Estamos aquí, enraizadas al presente, sí. Pero nunca hemos llegado a nosotras mismas; nunca nos alejamos de aquello, de esto que fuimos. Las fotos nos exponen, a veces inocentes, otras despiadadas, siempre honestas; muestran el rostro de esas amigas inseparables que fuimos una vez, cuando el futuro se extendía ante nosotras como un libro redactado en una escritura secreta que solo teníamos que aprender a descifrar, mostrando todo lo que hay que saber. Todo lo que se puede saber; luego, ahora, descubrimos que la realidad está hecha de sueños despellejados, trozos de luto, bolas rabiosas de cosas sin digerir. Y que puede enterrarte en ella.
Qué pensaría Dina si estuviera hoy aquí, en esta galería expuesta en su honor, con gente elegante entonando loas sobre su arte. Creo que diría que la vida no va de todo esto, porque lo que de verdad cuenta de nosotras ya lo habíamos encontrado hace mucho. Daría mi vida porque estuvieses aquí ahora, pero no como superviviente en un recuerdo en blanco y negro, como se honra a los muertos, si no para saber cómo hubiera esa vida que te ofrezco contigo a mi lado. Contigo, la insaciable, la incansable, la que tenía las respuestas a mis interminables preguntas. ¿En qué mujer me hubiera convertido contigo? Pero no te reprocho tu ausencia, ya no. Comprendo que hicieras de la guerra tu hogar, el objetivo a fijar por tus cámaras. Sé que lo hiciste porque querías hallar la paz allí, tomar el té con los muertos, enterrar tu corazón roto por el rechazo de mi hermano Rati en las trincheras, con la esperanza de no volver a sentir nada. O de que el miedo te arrancara de raíz amor que te quedara en el cuerpo. ¿Cómo no iban a atraerte los campos de batalla, si tu corazón era un cementerio?

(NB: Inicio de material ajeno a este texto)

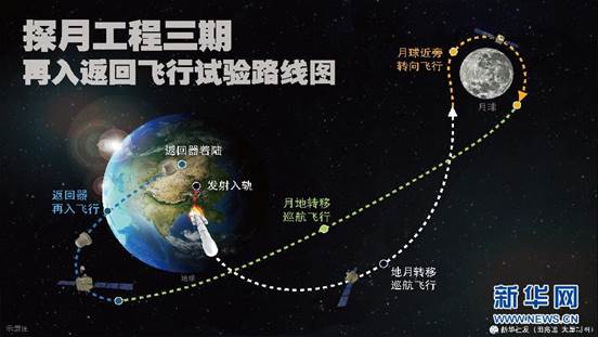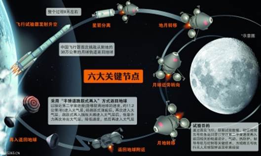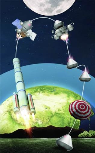 2014年10月24日凌晨2点,作为一个探路尖兵,再入返回飞行试验器“嫦娥5号T1”在西昌卫星发射中心乘坐“长征3号丙”运载火箭发射升空(参见图2),并准确进入近地点高度为209公里、远地点高度41.3万公里的地月转移轨道。除了起飞入轨以外,它还要经历地月转移、月球近旁转向、月地转移、再入返回和着陆回收等五个阶段(参见图3)。2014年11月1日6时42分,“嫦娥5号T1”的返回器在内蒙古四子王旗预定区域顺利着陆,整个飞行历时8天。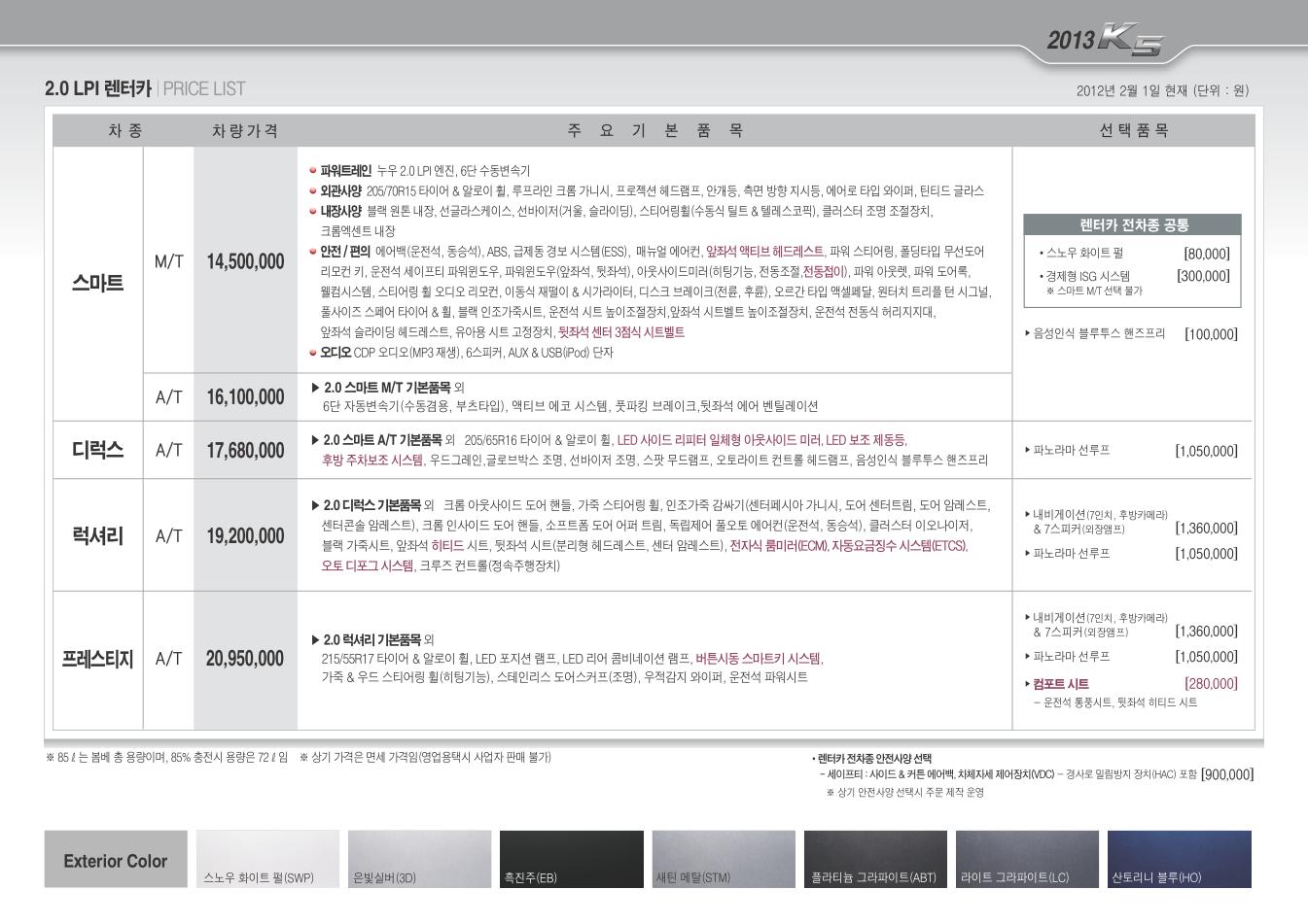 2012년 2월 K5 신차가격표 (가솔린 누우 CVVL 엔진 적용)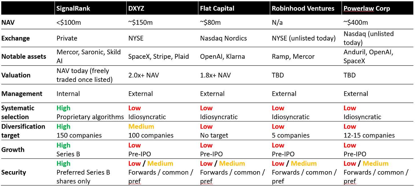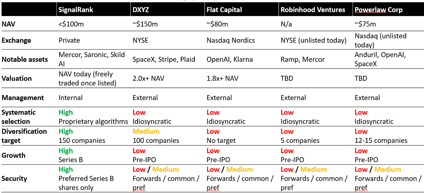 Instead, we are seeing more managers opt for an exchange traded CEF model. DXYZ & Flat Capital have this structure, as will the recently announced Robinhood Ventures and Powerlaw Corp. SignalRank is actively exploring this path forward as well.

Pero no me quedo con eso, Dina. No me quedo con esto. Me niego. Cierto que en nuestro pasado hubo violencia, desamor, dolor, pérdidas, miedo, guerras, muertes sin sentido. Tu muerte. Pero también hubo… toda la vida que hubo en medio. Amor y vida sin sentido. Creo que no hay sentido en la vida, Dina. En nada. Una se da sentido a una misma y a las cosas que hace. Se da sentido a quien se quiere.

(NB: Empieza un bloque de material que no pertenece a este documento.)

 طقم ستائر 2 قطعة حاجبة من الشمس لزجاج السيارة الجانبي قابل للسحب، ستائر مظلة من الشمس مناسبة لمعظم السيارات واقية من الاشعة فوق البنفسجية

Y quiero que sepas que cuando me caiga por fin de la vida, Dina, del aquí y ahora, cuando me precipite cada vez más hondo en el pasado, desearé no llegar al suelo. Desearé quedarme con todos aquellos que no lo han conseguido, que no han sobrevivido a esa caída, los que no tienen un aquí y ahora, solo un entonces. Y entonces estaremos juntas, Dina.

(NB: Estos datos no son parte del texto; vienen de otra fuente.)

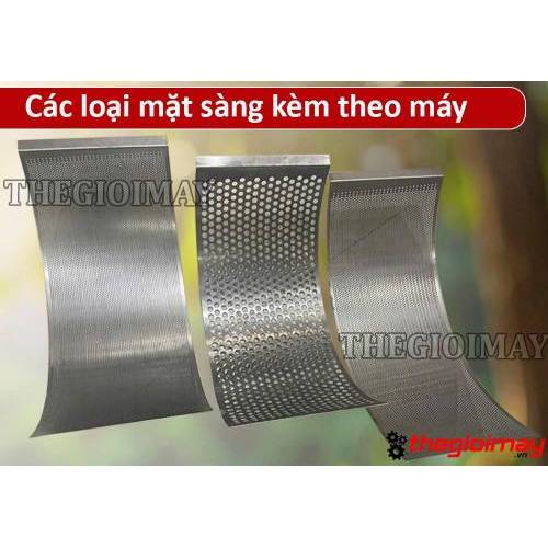 Sàng lưới của máy : 3 tấm sàng (2 mm, 3 mm, 10 mm)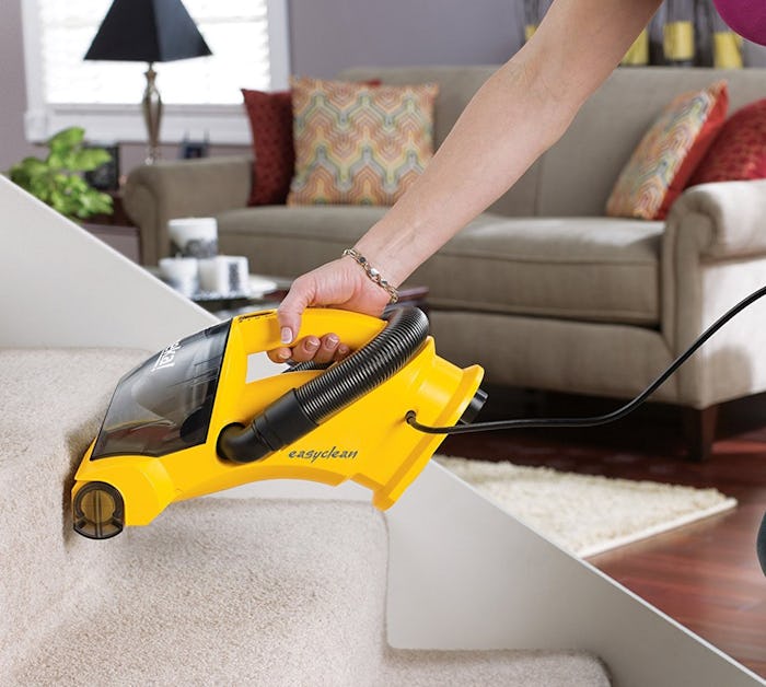 You'd be hard-pressed to find a lighter and more efficient handheld vacuum cleaner on the market. But what really sets this vacuum apart is the design. With a rotating head that can be used horizontally and vertically, you'll be able to suck up debris on furniture, floors, and hard to reach stairs. It also has a 20-foot cord and a dust canister that's simple to empty and clean for easy cleaning.

Porque nada termina nunca.
Porque al final, Dina, mi amiga del alma, hay luz.
Siempre hay luz.
Construyo esta metareseña (sic) con palabras que no son mías. Nunca lo había hecho. Nunca me había atrevido. Nunca me había salido de dentro. Pero el libro de hoy, La luz perdida, de la escritora georgiana afincada en Alemania Nino Haratischwili, me ha tocado. Por dentro. Ha sido tan hermoso leerlo, que he creído necesario abordar su reseña de este modo: alejándolo de mí ―yo como mero intermediario― para poder acercarme más a ellas, escritora y protagonistas y, a la vez, poder acercarlo de una manera más cercana, más íntima, a vosotros. De La luz perdida se ha dicho que es una hermosísima epopeya sobre la amistad, la traición y la pérdida que navega desde la novela negra a la romántica, pasando por el análisis político. Coincido. De su autora se ha comentado sus parecidos narrativos con gente del calibre de Tólstoi, Dostoievski, Isabel Allende o Elena Ferrante. Los hay. Pero Nino tiene una luz propia. Y resplandece hasta iluminarte por dentro.